Venticinque anni dopo, non solo nel suo Paese ma in tutto il mondo, le divergenze tra gli uomini sembrano superare le convergenze. Ci si riunisce dunque sotto la stessa bandiera solo per un Mondiale? È una delle tante domande poste a David Trezeguet nella lunga chiacchirata tra il francese e i colleghi di Sportweek. "Io sono nato in Francia, cresciuto dino ai 17 anni in Sudamerica, tornato in Francia senza conoscere la lingua. Ho trovato delle difficoltà, mi sono impegnato e ho incontrato dei compagni di squadra che mi hanno aiutato a inserirmi non solo dentro, ma anche fuori dal campo.
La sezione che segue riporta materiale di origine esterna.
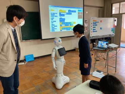 学習最後の発表時間には、挨拶や簡単な質問に答えるものから、「トイレはどこですか」という言葉を聞き取らせ「ここを右に曲がったところにあります」と道案内をするといった実際に活用できそうなものまでいろいろなプログラムの発表がありました。

Per me era tutto nuovo, ma ho cercato di capire dove fossi e di adattarmi alla nuova realtà. Questo è fondamentale: chi arriva deve dimostrare disponibilità, entusiasmo, buona volontà. Lo stesso va fatto da chi accoglie. Sono stato dieci anni in Italia, un Paese in cui il calcio era diverso da quello francese anche politicamente. La Juve di Agnelli, il Milan di Berlusconi, l’Inter di Moratti, la Lazio di Cragnotti, il Parma di Tanzi. Tutti personaggi importanti anche fuori dal pallone. Dietro a ogni club c’era un’idea di potere, e io sentivo discutere su quale fosse il club più potente. C’erano stadi dove era più difficile giocare, dove sentivi serpeggiare il veleno del razzismo. Su questo fronte bisogna continuare a lavorare".

Quante volte ha sognato il rigore sbagliato contro l’Italia nella finale del 2006?
“L’ho rimosso subito, per diversi motivi. Uno, avevo ormai 31anni e quindi avevo imparato ad accettare la sconfitta. Due, in quella stagione avevo vinto tutto con la Juve segnando tantissimo, quindi mi aspettavo un Mondiale da protagonista. Invece, prima della finale, avevo giocato solo contro il Togo. Alla fine, diciamo che ho fatto un piccolo favore all’Italia, che mi aveva dato tanto”.